Vietnam is well positioned to continue to attract foreign investors and expand its export base in the short and medium term. We expect its current account surplus and its external liquidity and solvency position to consolidate in the future.

Major Covid-19 waves since last summer
The current account balance deteriorated in 2021

Need for fiscal support

The authorities will need to strengthen fiscal support measures in the very short term. Domestic market-oriented activity is struggling to recover and the most vulnerable households and enterprises need assistance. The government has some manoeuvring room to ease its fiscal policy. The health crisis hit Vietnam after several years of public-account consolidation, and the stimulus plans launched since 2020 have been relatively small. The fiscal deficit is expected to increase to 4.7% of GDP in 2021 from 3.9% in 2020 and 3.3% in 2019 (based on IMF data). Government debt is still moderate, estimated at 49% of GDP at year-end 2021, compared to 43.6% in 2019. In 2022, assuming the fiscal deficit increases to 5% of GDP and the economy records a strong rebound, the public debt-to-GDP ratio should barely increase.

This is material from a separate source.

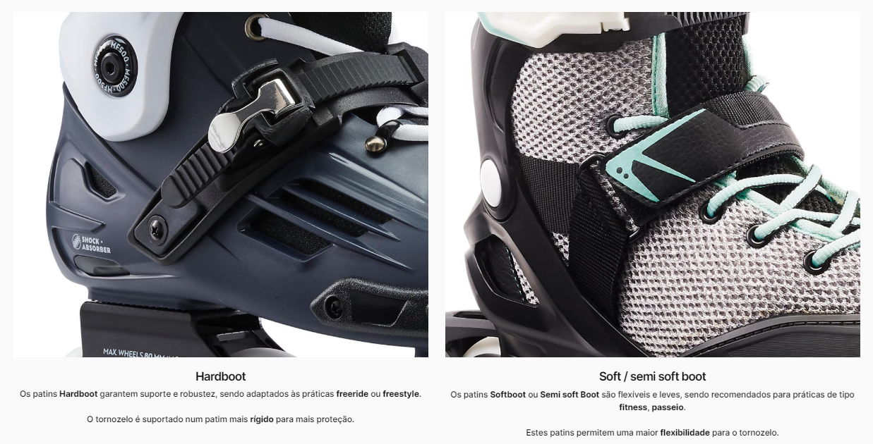O botim interior é um elemento muito importante dos teus patins. Em função da tua prática, deves escolher um botim interior mais ou menos rígido, que permite mais fluidez ou mais suporte.

Moreover, the government has had no difficulty to cover its financing needs over the past two years, mainly on the local bond market (dong-denominated bonds now account for 60% of total government debt). The yield on 10-year government bonds (residual maturity) gradually declined to an average of 1.9% in Q4 2021, from 2.2% in Q4 2020 and 3.6% in Q4 2019.

In contrast, monetary policy will have less manoeuvring room in 2022. First, inflationary pressures are on the rise. Consumer price inflation slowed in 2020 before accelerating again in 2021, rising from 0.3% y/y in Q1 to an average of 2.7% for the period April-August. In Q4, inflation eased to 1.9%, but it is likely to pick up again in the short term, driven up by the recovery in domestic demand and by higher logistics and transport costs. Before reaching the central bank’s 4% target, higher CPI inflation could lead to policy rate hikes by the end of 2022 (the key policy rate has been held at 4% since October 2020, down from 6% at year-end 2019).

Moreover, the economy’s excessive debt burden is likely to push the central bank to be cautious. Monetary conditions have remained very accommodative since the beginning of the health crisis (given rate cuts, liquidity injections, the easing of macro-prudential rules, and loan rescheduling measures). Domestic credit growth accelerated from 10% y/y in mid-2020 to about 15% in mid-2021, before dipping a bit thereafter. It then levelled off at a persistently high rate of about 14% y/y in Q4. Consequently, total domestic credit represented 139% of GDP in 2021, up from 121% in 2019 (based on the new figures for annual nominal GDP, which was revised up by 25% by the Vietnamese statistics office). The authorities must act to slow down the increase in debt. At the same time, given the troubles some enterprises have encountered in the last two years, coupled with the fragility of some banks (which still lack sufficient capital ratios), an overly rapid tightening of monetary conditions is unlikely as it could result in a dangerous increase in credit risk.